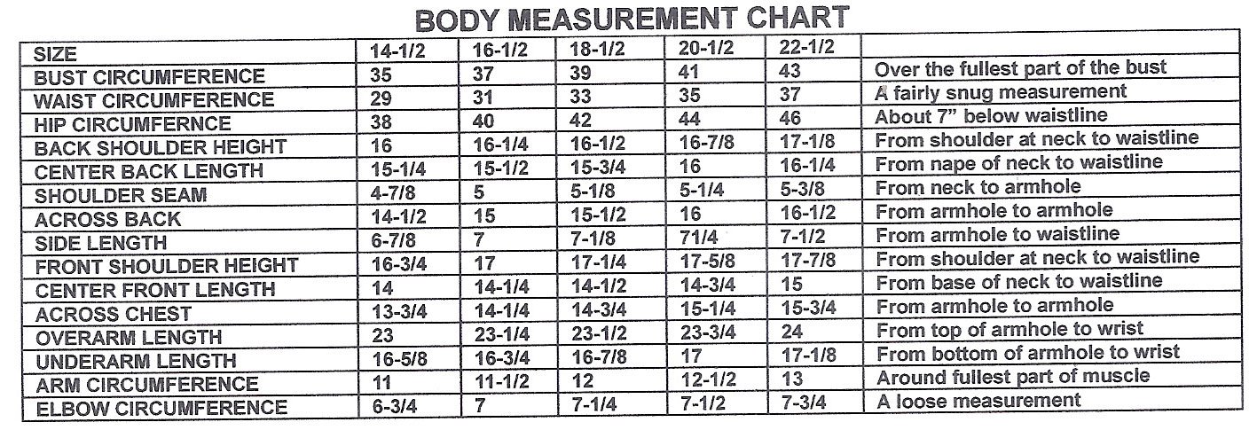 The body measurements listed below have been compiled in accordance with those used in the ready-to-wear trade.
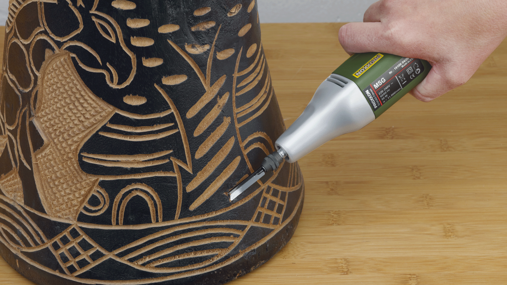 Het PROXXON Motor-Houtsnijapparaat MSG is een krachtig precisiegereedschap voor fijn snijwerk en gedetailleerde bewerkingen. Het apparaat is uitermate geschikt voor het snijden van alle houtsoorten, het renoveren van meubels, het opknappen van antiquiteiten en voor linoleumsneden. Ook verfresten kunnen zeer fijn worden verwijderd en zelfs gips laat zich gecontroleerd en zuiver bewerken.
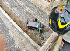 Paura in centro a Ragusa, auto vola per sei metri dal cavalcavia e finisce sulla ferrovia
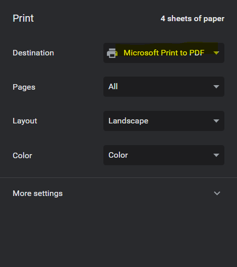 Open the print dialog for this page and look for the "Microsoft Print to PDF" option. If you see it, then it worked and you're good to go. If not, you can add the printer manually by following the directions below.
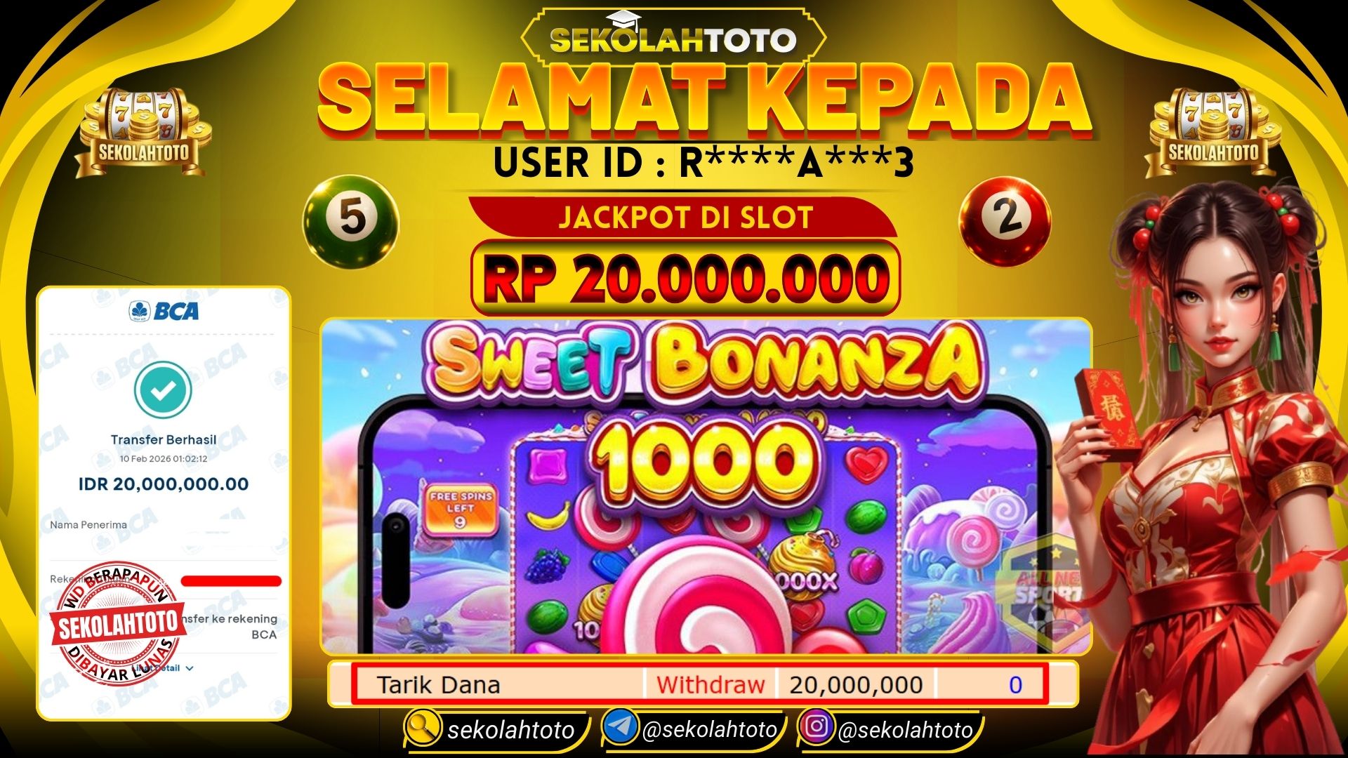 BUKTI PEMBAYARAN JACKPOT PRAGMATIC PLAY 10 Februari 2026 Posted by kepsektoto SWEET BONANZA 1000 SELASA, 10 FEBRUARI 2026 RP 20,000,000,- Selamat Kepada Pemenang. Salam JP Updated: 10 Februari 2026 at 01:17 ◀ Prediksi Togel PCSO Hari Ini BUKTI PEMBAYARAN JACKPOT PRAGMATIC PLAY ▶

---

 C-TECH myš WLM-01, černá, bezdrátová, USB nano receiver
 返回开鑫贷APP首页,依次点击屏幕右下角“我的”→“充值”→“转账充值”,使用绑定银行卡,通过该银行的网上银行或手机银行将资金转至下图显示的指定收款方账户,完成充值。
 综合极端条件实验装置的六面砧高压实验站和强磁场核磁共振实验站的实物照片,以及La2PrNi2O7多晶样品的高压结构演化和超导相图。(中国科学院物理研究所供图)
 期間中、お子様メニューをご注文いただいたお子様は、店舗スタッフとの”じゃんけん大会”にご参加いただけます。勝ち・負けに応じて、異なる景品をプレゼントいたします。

Exercise instructions: Going by the data above, the answer is exactly the lines from the one holding "Paura in centro" to the one holding "BUKTI PEMBAYARAN JACKPOT PRAGMATIC PLAY 10", both kept, with the pictures left out.

Solution:
 Paura in centro a Ragusa, auto vola per sei metri dal cavalcavia e finisce sulla ferrovia
 Open the print dialog for this page and look for the "Microsoft Print to PDF" option. If you see it, then it worked and you're good to go. If not, you can add the printer manually by following the directions below.
 BUKTI PEMBAYARAN JACKPOT PRAGMATIC PLAY 10 Februari 2026 Posted by kepsektoto SWEET BONANZA 1000 SELASA, 10 FEBRUARI 2026 RP 20,000,000,- Selamat Kepada Pemenang. Salam JP Updated: 10 Februari 2026 at 01:17 ◀ Prediksi Togel PCSO Hari Ini BUKTI PEMBAYARAN JACKPOT PRAGMATIC PLAY ▶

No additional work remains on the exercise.